Sur les demandes accessoires :
Monsieur [J] [F] [V] et Madame [X] [Z] [H] supporteront in solidum les entiers dépens et seront condamnés solidairement à payer une somme de 700 euros au syndicat des copropriétaires au titre de l’article 700 du Code de procédure civile.

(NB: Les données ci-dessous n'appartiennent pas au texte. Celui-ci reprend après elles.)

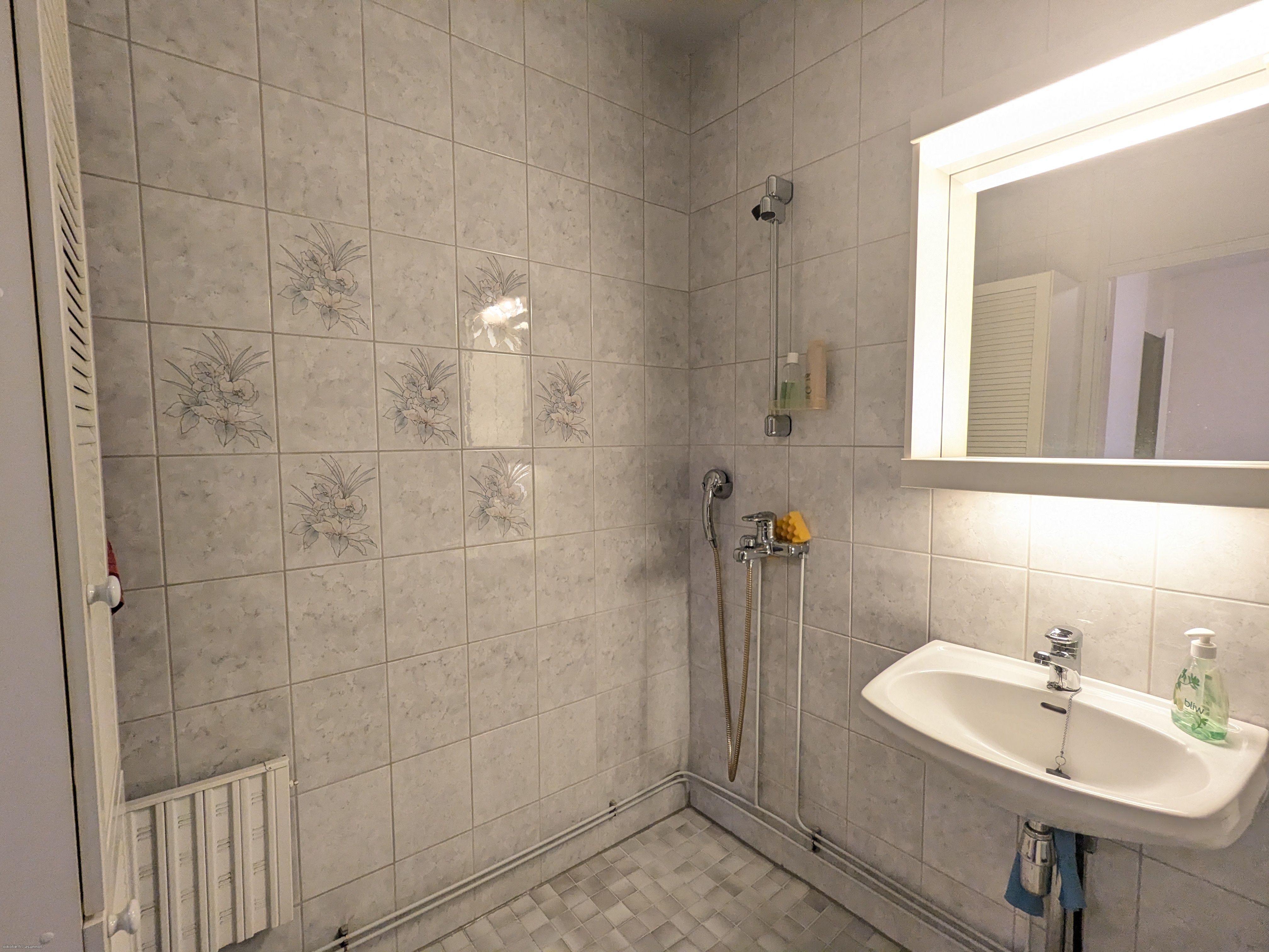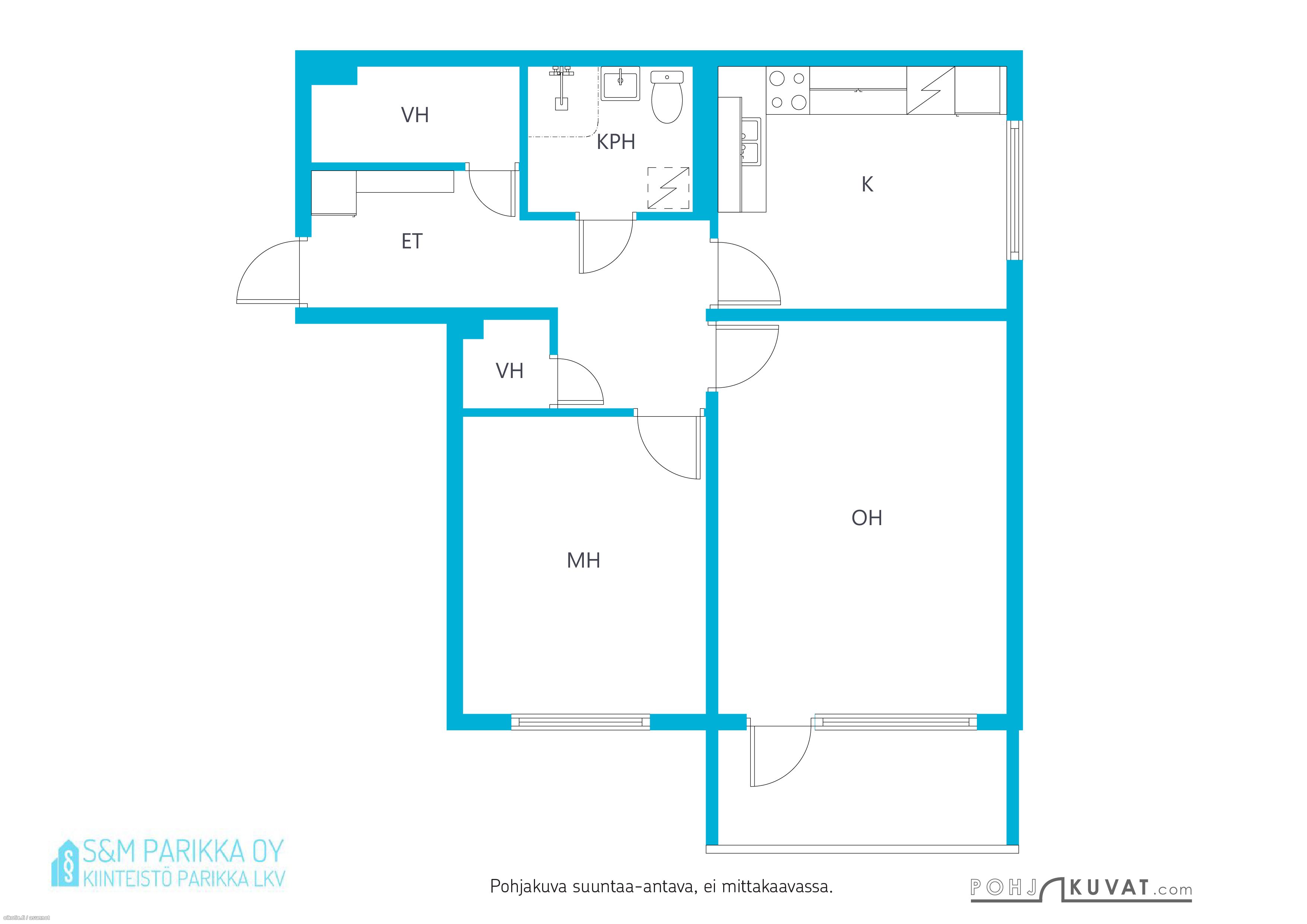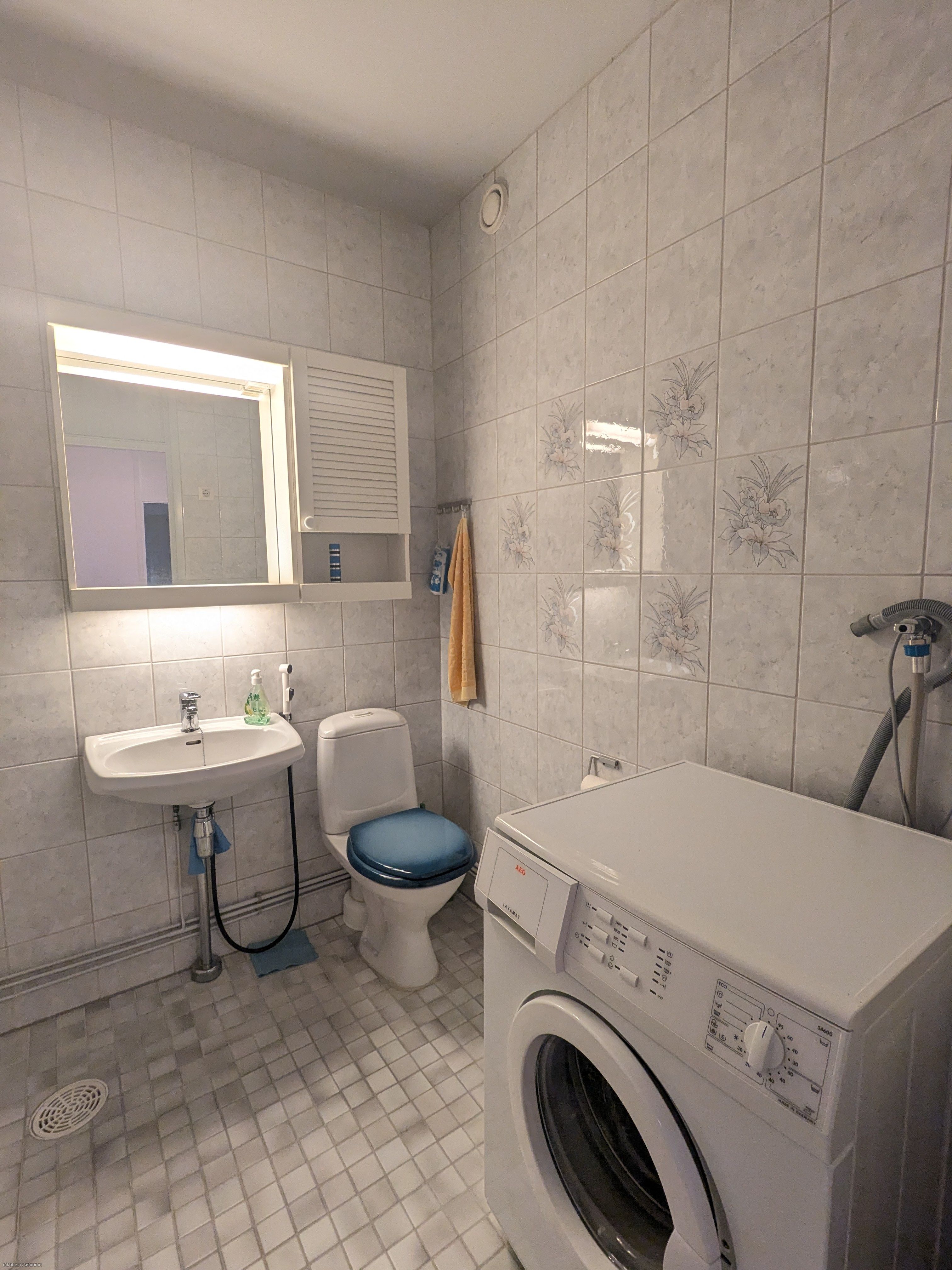 Varusteet: WC, suihku, pesukoneliitäntä, peilikaappi, kylpyhuonekaapistot

La présente décision est de plein droit exécutoire à titre provisoire en application des dispositions des articles 514 et 514-1 du Code de procédure civile.
PAR CES MOTIFS,
Le tribunal, statuant après débats en audience publique, par jugement contradictoire et en premier ressort, prononcé par mise à disposition au greffe,
CONDAMNE solidairement Monsieur [J] [F] [V] et Madame [X] [Z] [H] à payer au syndicat des copropriétaires de la [Adresse 3], représenté par son syndic, la société TOQUET IMMOBILIER, la somme de 6837,26 euros au titre des charges de copropriété impayées et des frais de recouvrement, somme arrêtée au 12 novembre 2024, avec intérêts au taux légal à compter de la mise en demeure du 25 juillet 2023 ;
CONDAMNE solidairement Monsieur [J] [F] [V] et Madame [X] [Z] [H] à payer au syndicat des copropriétaires de la [Adresse 3], représenté par son syndic, la société TOQUET IMMOBILIER, la somme de 558,19 euros au titre des intérêts légaux échus du 25 juillet 2023 jusqu’au 28 août 2024 ;
ACCORDE à Monsieur [J] [F] [V] et Madame [X] [Z] [H] la faculté d’apurer la dette en 23 mensualités de 250 euros minimum et une dernière mensualité correspondant au solde de la somme due, par des versement devant intervenir au plus tard le 15 de chaque mois, et pour la première fois dans le mois suivant la signification de la présente décision ;
DIT qu’à défaut pour Monsieur [J] [F] [V] et Madame [X] [Z] [H] de respecter les modalités de ces délais de paiement, ou à défaut de paiement des provisions courantes, l’échelonnement sera caduc et la totalité de la somme restant due redeviendra immédiatement exigible ;
CONDAMNE solidairement Monsieur [J] [F] [V] et Madame [X] [Z] [H] à payer au syndicat des copropriétaires de la [Adresse 3], représenté par son syndic, la société TOQUET IMMOBILIER, la somme de 300 euros à titre de dommages et intérêts ;
CONDAMNE solidairement Monsieur [J] [F] [V] et Madame [X] [Z] [H] à payer au syndicat des copropriétaires de la [Adresse 3], représenté par son syndic, la société TOQUET IMMOBILIER, la somme de 700 euros au titre de l’article 700 du Code de procédure civile ;
DEBOUTE le syndicat des copropriétaires de la [Adresse 3], représenté par son syndic, la société TOQUET IMMOBILIER, du surplus de ses demandes ;
CONDAMNE in solidum Monsieur [J] [F] [V] et Madame [X] [Z] [H] au paiement des entiers dépens ;
CONSTATE l’exécution provisoire de plein droit la présente décision.
Ainsi jugé et prononcé par mise à disposition les jour, mois et an susdits par la Juge des contentieux de la protection et la Greffière susnommées.